Gözügüzelli, "Türkiye'nin 'Adalar Denizi (Ege) ve Doğu Akdeniz'de hukuka aykırı davrandığını' söylemek, bir kara propaganda eylemidir." dedi.

BMDHS'nin 74 ve 83'ncü maddelerine göre, resmi olarak karşılıklı kıyıları olan ya da yandaş devletlerin hakkaniyet esasında bir anlaşma için müzakere etmeleri ve sözleşmenin doğası gereği iyi niyetle hareket etmeleri gerektiğinin altını çizen Gözügüzelli, Yunanistan, Rum kesimi ve destekçilerinin buna aykırı davrandığını kaydetti.

Gözügüzelli, Cumhurbaşkanı Recep Tayyip Erdoğan'ın sürecin en başından itibaren ilgili taraflara, iyi niyet ve müzakerelerin ihtilaflarının çözülmesinin Türkiye için öncelikli seçenek olduğunu aktardığını hatırlatarak, "Yunanistan, Rum kesimi ve destekçileri, art niyetli bir tutum içerisindedir. Bu art niyet çerçevesinde Türkiye'yi Doğu Akdeniz ve Adalar Denizi'nden çıkarma gayreti görülmektedir." ifadesini kullandı.

Konunun hukuki boyutuna da dikkati çeken Gözügüzelli, şöyle devam etti:

"İçtihat hukukuna göre, bugüne kadar uluslararası mahkemelerin verdiği kararlarda, adalar hususunda, ana kara sınırlandırması dışında adalara 'gerekiyorsa' etki unsurunun tesis edildiği bir durum vardır. Bu da her coğrafyaya göre değişir. Doğu Akdeniz ve Adalar Denizi'nde Yunanistan'ın ortaya koyduğu talepler, 'aşırı denizcilik' iddialarıdır. Bu şekilde adalara yetki vererek coğrafya yeniden şekillenemez. Türkiye'nin açık denizlere kapatılması girişimi gerçekleştirilemez."

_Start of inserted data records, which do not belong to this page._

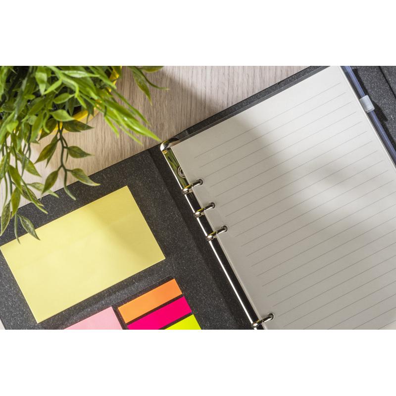 Organizer NOTI zawiera 60 kartek w linie z możliwością ich wymiany. Dzięki temu produkt posłuży na długi czas. Wewnątrz znajdują się kolorowe karteczki samoprzylepne, a także transparentna kieszonka zamykana na suwak do przechowywania artykułów biurowych, wizytówek czy na przykład maseczki ochronnej. Okładka zamykana na magnes, wykonana z papieru.
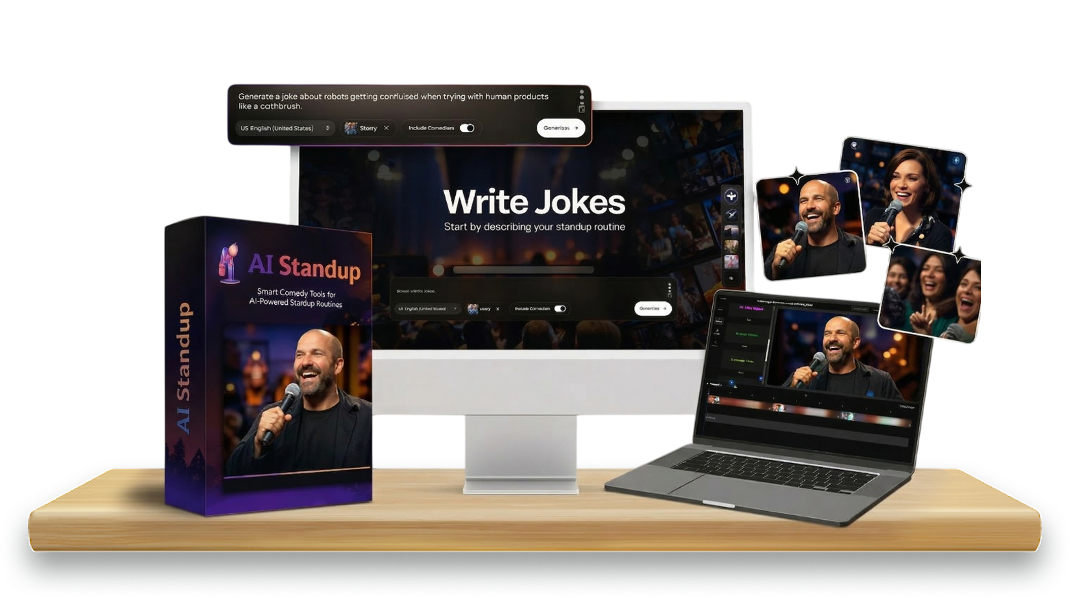 Pick a topic, choose your comedian, and get a fully scripted standup video — with AI voiceover, comedic timing, and delivery baked in. Edit anything. Export instantly.
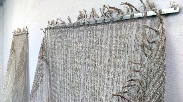 Dzikie tkactwo w procesie... Po raz pierwszy do wykonania tkaniny użyłam grubych, autorskich wątków. Inspiracją do ich stworzenia są nonszalanckie pociągnięcia pędzla w malarstwie Alfa Löhra, którego twórczość cechuje radosna pogoń za światłem i swoboda ciętej linii koloru. // Wild weaving in process. Gentle interference in the landscape. Leaving already known shapes... First time while weaving I painted the thick jute wefts, not the linen warp, being inpired by the 'nonchalant brushstrokes' in the series of paintings by Alf Löhr.
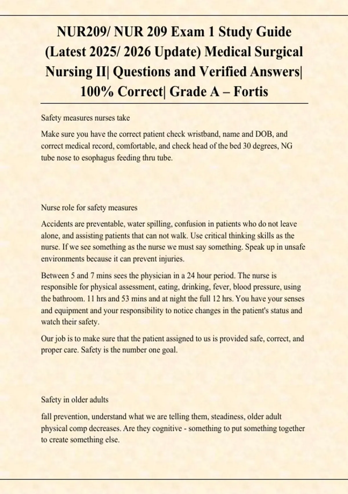 This document is a complete and updated study guide for NUR 209 (Medical Surgical Nursing II) Exam 1 at Fortis College, reflecting the latest 2025–2026 curriculum. It includes exam-focused questions with 100% verified correct answers to support understanding of core med-surg concepts and clinical application. The guide is ideal for nursing students preparing for Exam 1, offering a Grade A resource aligned with course objectives and nursing exam standards.
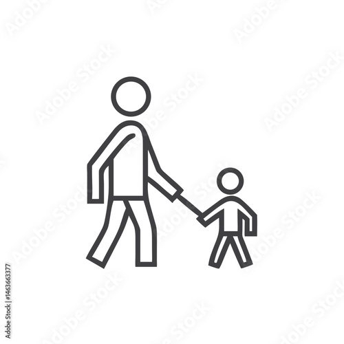 © Larisa, Fototapeta premium Pedestrian Safety Icon with Parent and Child Crossing Road for Traffic Education Materials, School Safety Programs, and Public Awareness Campaigns
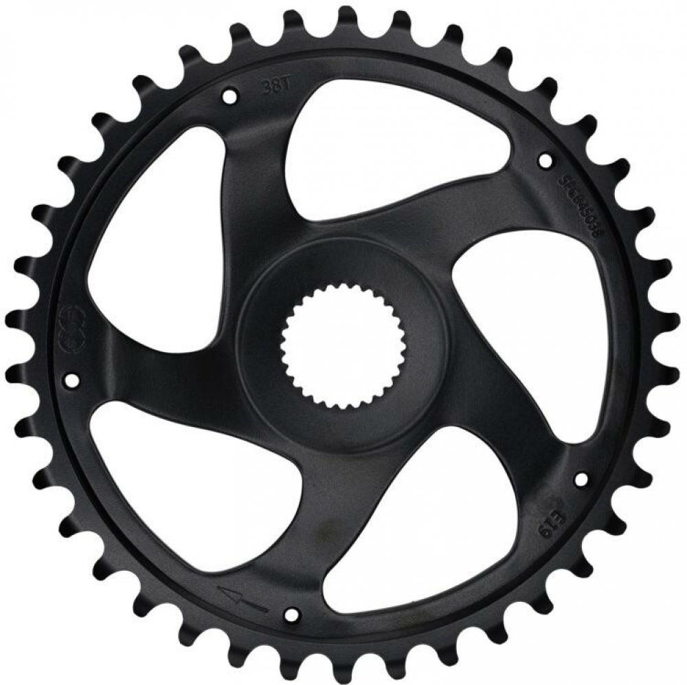 Převodník s 38 zuby z materiálu CrMo pro systémy Bosch Gen 4, kompatibilní s většinou 1-12 rychlostních řetězů, s přímou montáží a řetězovou linkou 50 mm.

Türkiye'nin ne Yunanistan ne de diğer komşu ülkelerin deniz alanlarını gasbetme çabası içinde olduğuna işaret eden Gözügüzelli, Türkiye'nin bizzat uluslararası hukukta öngörüldüğü şekilde komşularıyla anlaşma yoluyla hukuki zeminde haklarına sahip çıktığını ve Libya ile anlaşma dahil tüm adımlarını uluslararası hukuka uygun attığını vurguladı.

Gözügüzelli, Yunanistan'ın, özellikle Ege'de silahlanma faaliyetleriyle saldırganlık siyaseti izlediğini, devletler arası dostça ilişkiler ve iş birliğine dayalı uluslararası hukuk ilkelerini de ihlal ettiğini ifade etti.

Emete Gözügüzelli, "Yunanistan ve destekçileri, hukuka uygun olmayan eylemlerle hukuki hak yaratmaya çalışan bir çaba içerisindeler. Bu tutum, tamamen hakkaniyet ilkeleri ve uluslararası hukuka da aykırıdır." diye konuştu.